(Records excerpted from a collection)
Start of Block

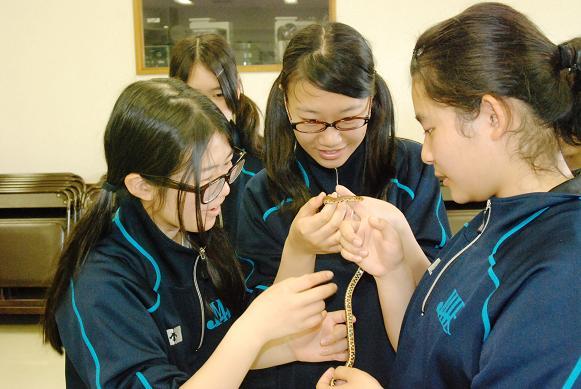 【とべ動物園】飼育に携わってみえる前田さんの講義の後、アオダイショウの子どもをみんなでタッチング。正しい扱い方を知ると誰でも触れることができます。その後さらに班に分かれて、ライオンに餌を与えたり、動物に触れて体温を感じたり、飼育体験をしました。
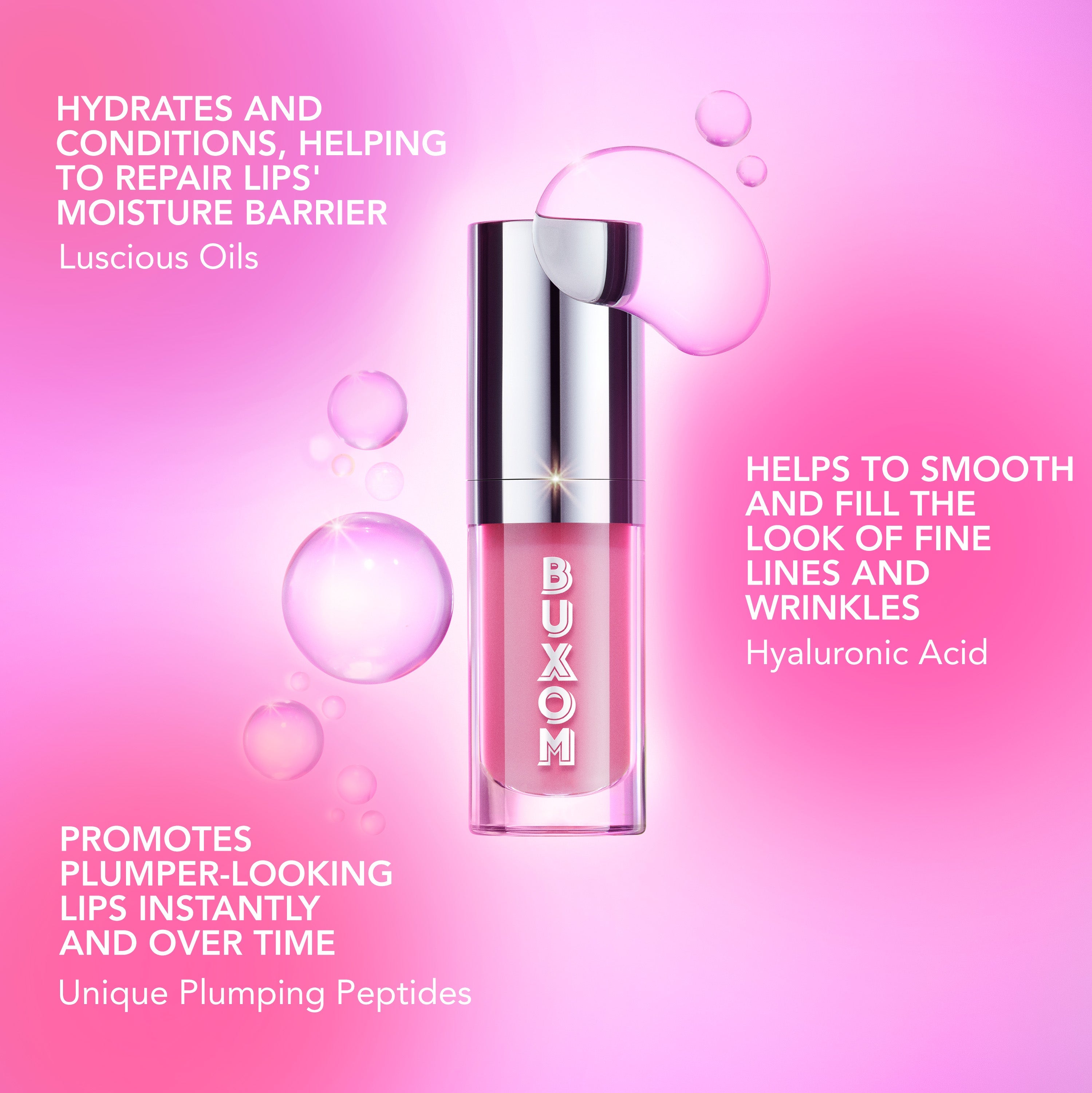 BUXOM's Full-On iconic plumping formula in a super shiny lip oil gives non-sticky, all day juicy hydration plus a pillowy plump instantly and over time.
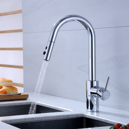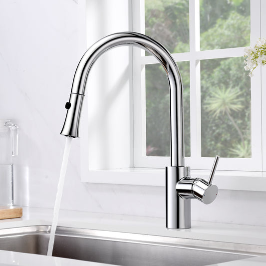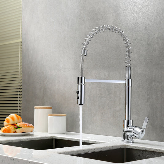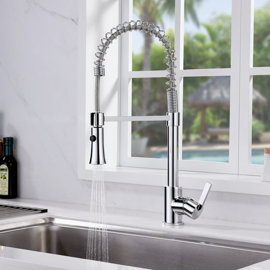 KTS22-TC Single-Handle Pull-Down Sprayer Kitchen Faucet with 2-Function Sprayhead in Chrome
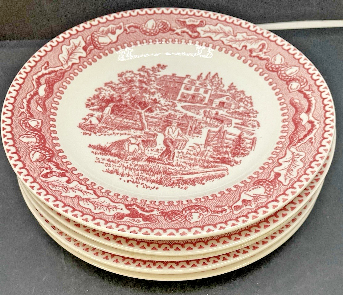 Royal Ironstone Memory Lane 1965 Vintage 6" Red Bread Plates Set of 5
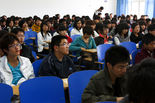 詹启生教授是南开大学心理学博士,现任天津大学心理研究所所长,天津大学心理咨询中心主任,在大学生心理健康教育领域积累了丰富的经验和成果。本次讲座詹教授先给大家解读了“笑”所代表的生活态度,并为大家展示了不同群体的笑脸照片,一开场就吸引了大家的主意。詹教授主要从“逆境的降临”、“逆境的应对”、“逆境的结局”这三个方面展开,他以现实生活中丰富的实例为大家解读了逆境的不确定性,人们在面临逆境时不同的表现,特别是大学生们在逆境中不同的选择,使大家深受感染,引发了大家的思考。詹教授因势利导,引导大家学会把消极变成积极,在逆境中锤炼自己的能力。现场同学认真听讲,深受鼓舞。
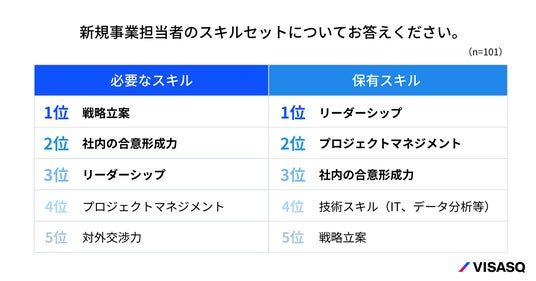 新規事業担当者に必要なスキル1位「戦略立案」、一方で実際に持っていたスキルで「戦略立案」は5位のギャップ
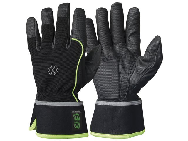 Vinterhandskar EX by Granberg i syntetiskt skinn. Lämpliga för grövre arbete i kyla såsom anläggningsarbete och godshantering. Montagehandskar i MicroSkin Shield-material med membran i ProTex och ovanhand i spandex. Med innerfoder som skyddar mot både kyla och fukt. Handskarnas membran gör att handsken får ventilerande egenskaper för att undvika att handen blir fuktig och därmed kall. Handskarna har god passform, kardborreknäppning, är smidiga och ger utmärkt greppförmåga. Kan maskintvättas och dropptorkas. Lämpliga till medeltungt till tungt arbete inom montering, transport, underhåll, industri, skogsarbete och anläggning i kalla och fuktiga miljöer. – Godkänd enligt: EN 420:2003 + A1:2009, EN 511:2006, EN 388:2003, EN 388:2016+A1:2018 – Skyddskategori: II – Material innerhand: MicroSkin Shield – Material ovanhand: spandex/polyester – Foder: syntetfoder/ProTex membran – Fodertyp: helfodrad – Grepp: torrgrepp, våtgrepp – Längd: 21-24 cm – Färg: svart, grå – Storlek: 11 – CE-märkt
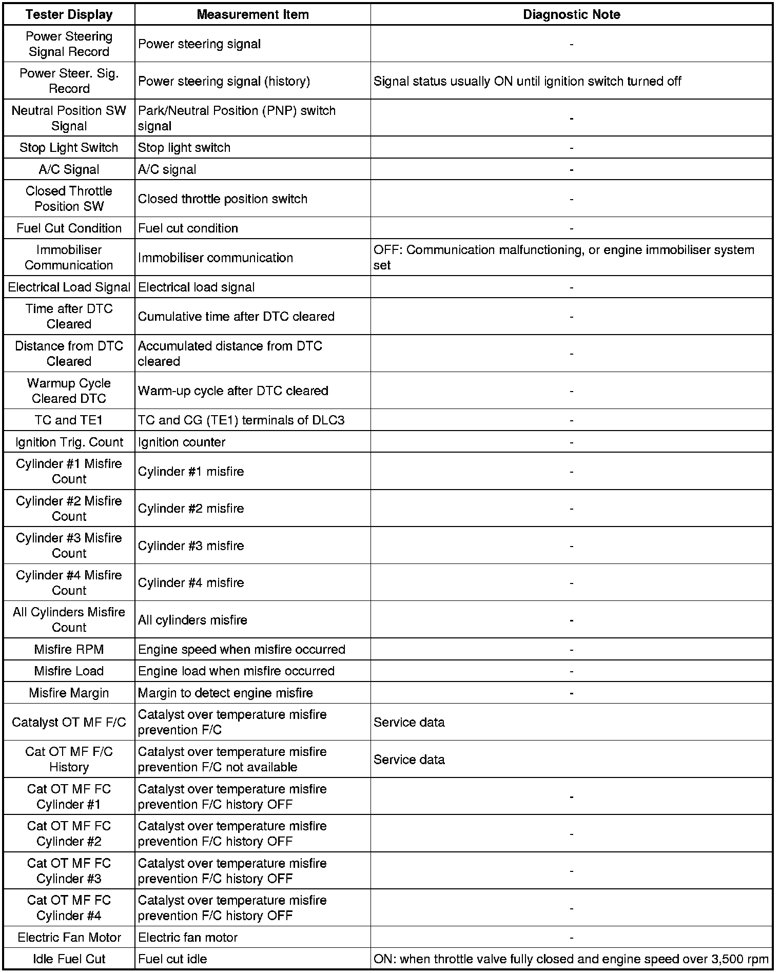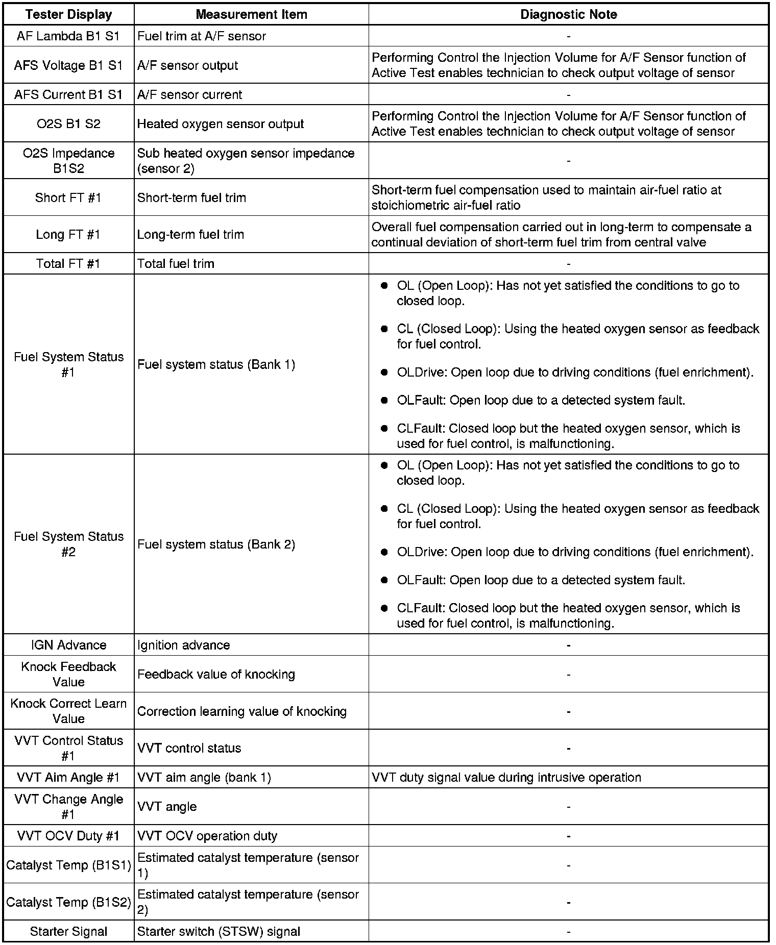 * The ECM records vehicle and driving condition information as freeze frame data when a malfunction is detected. When troubleshooting, it can help determine if the vehicle was running or stopped, the engine was warmed up or not, the air-fuel ratio was lean or rich, and other data from the time the malfunction occurred.
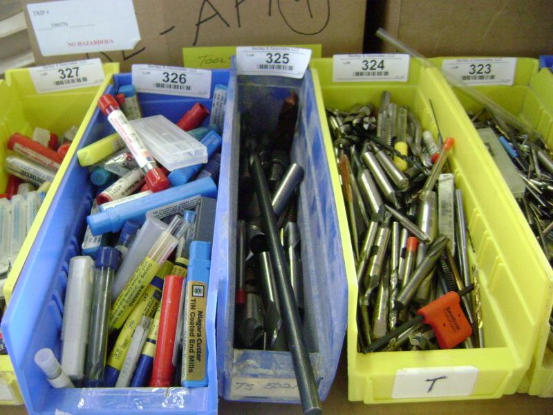 TUB OF MIXED SIZED END MILLS & MILLING DRILL BITS
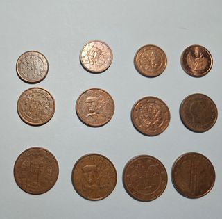48 monedas de 12 países. sin usar. son las monedas de Alemania, Austria, Finlandia, Francia, Grecia, Holanda, Irlanda, Italia, Luxemburgo, Portugal y España. son las monedas que se retiraron con la entrada del Euro. Precio negociables
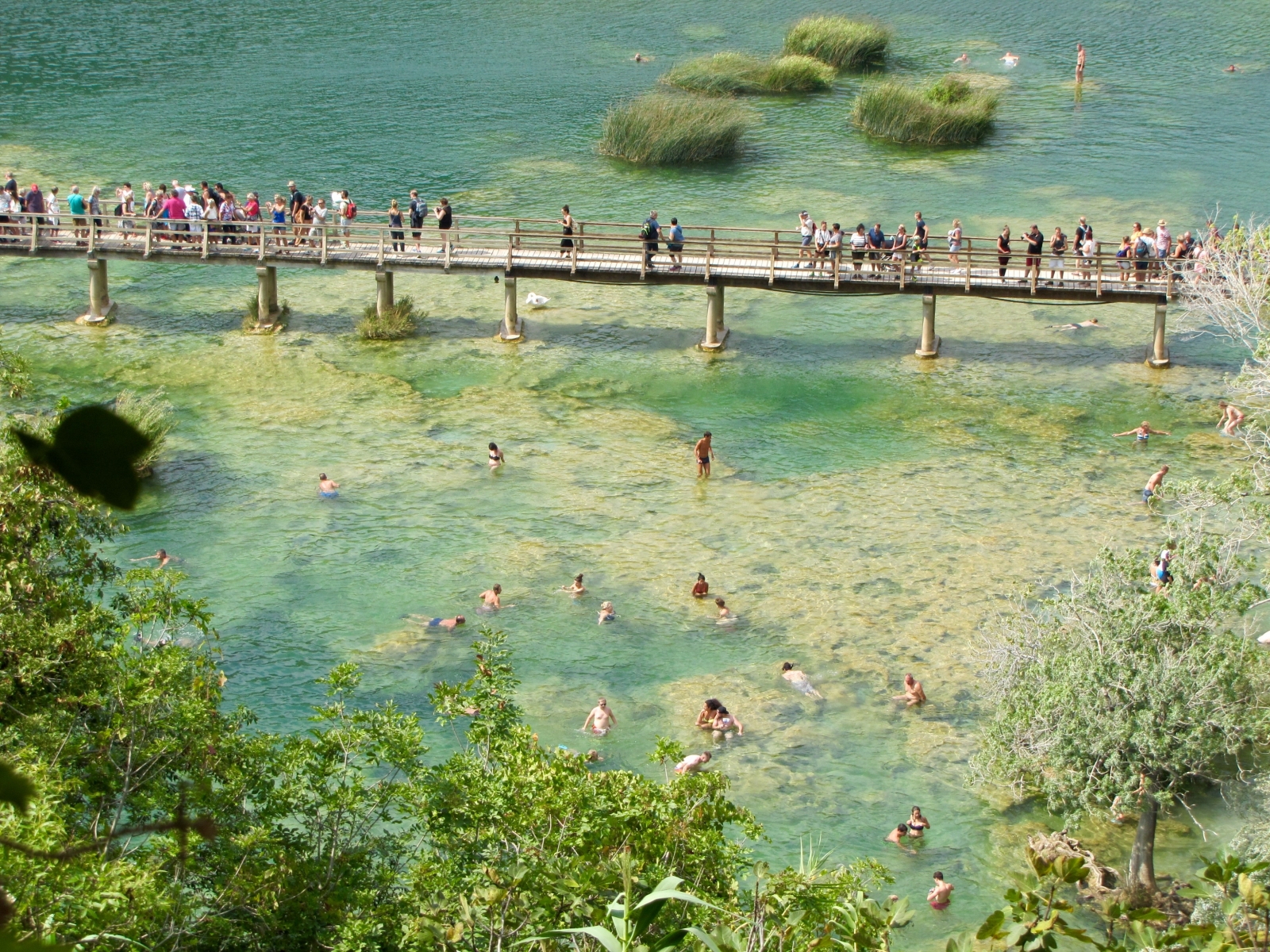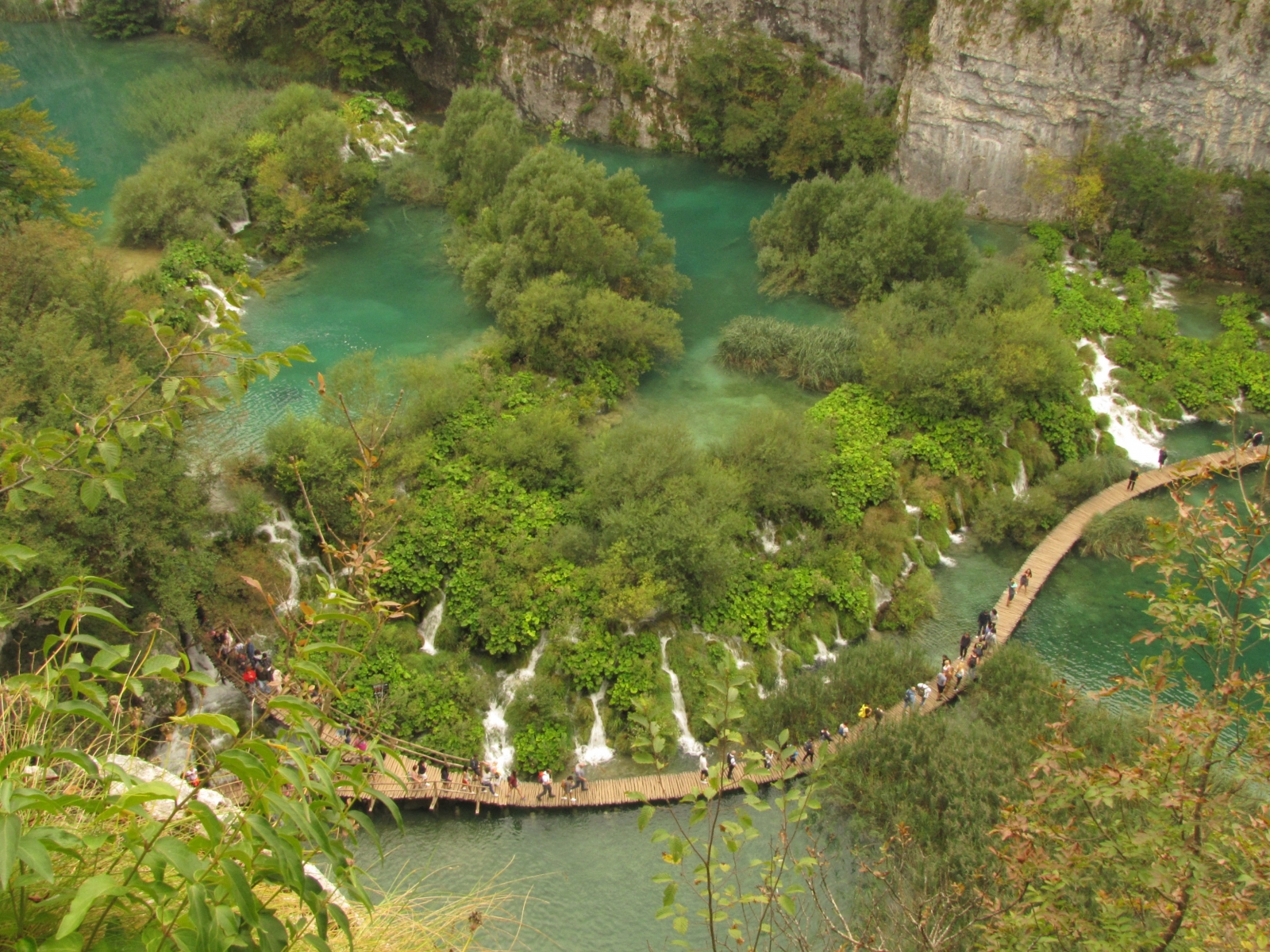 The next day, we went to Trogir and visited its historic center which has been included into UNESCO world heritage sites. We went to a bakery and had very good (not as good as the French ones of course but almost!) croissants and Croatian pastry with fresh orange juice sitting on a bench in front of the harbour. This gave us the energy we needed to have fun in Krka park during the afternoon where we saw waterfalls and could even get a swim! By the end of the day, we reached Plitvice lakes.
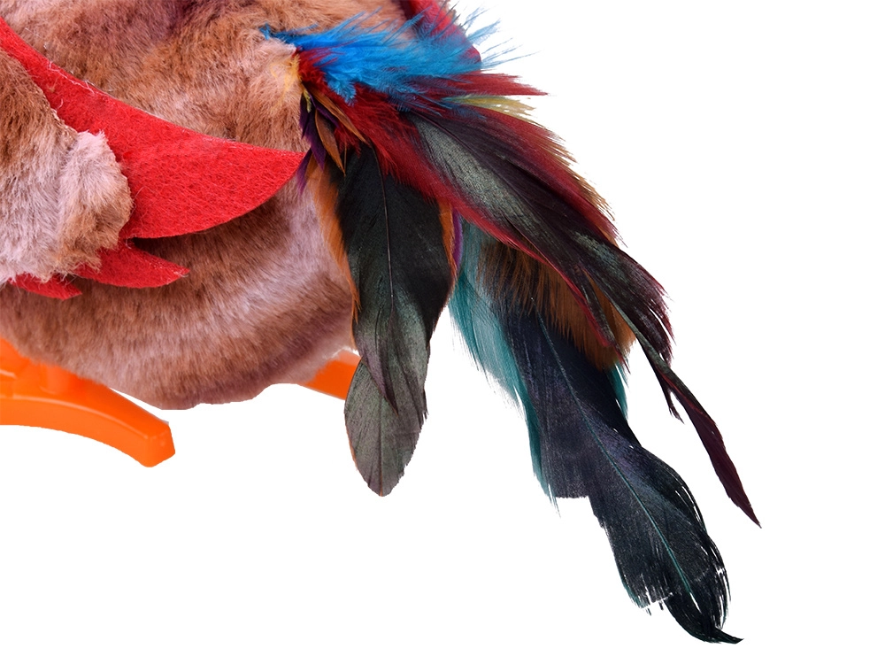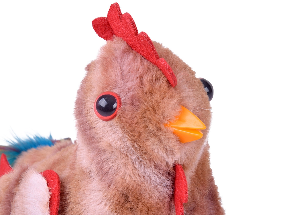 Nakon uključivanja pijetao krene sitnim korakom i veselo maše krilima – savršeno za dinamičnu i razigranu igru.

End of Block

Assigned task: From the records above, copy exactly the stretch from the line holding "TUB OF MIXED" through the line holding "48 monedas de", both ends included, without the pictures.

Answer for this exercise:
 TUB OF MIXED SIZED END MILLS & MILLING DRILL BITS
48 monedas de 12 países. sin usar. son las monedas de Alemania, Austria, Finlandia, Francia, Grecia, Holanda, Irlanda, Italia, Luxemburgo, Portugal y España. son las monedas que se retiraron con la entrada del Euro. Precio negociables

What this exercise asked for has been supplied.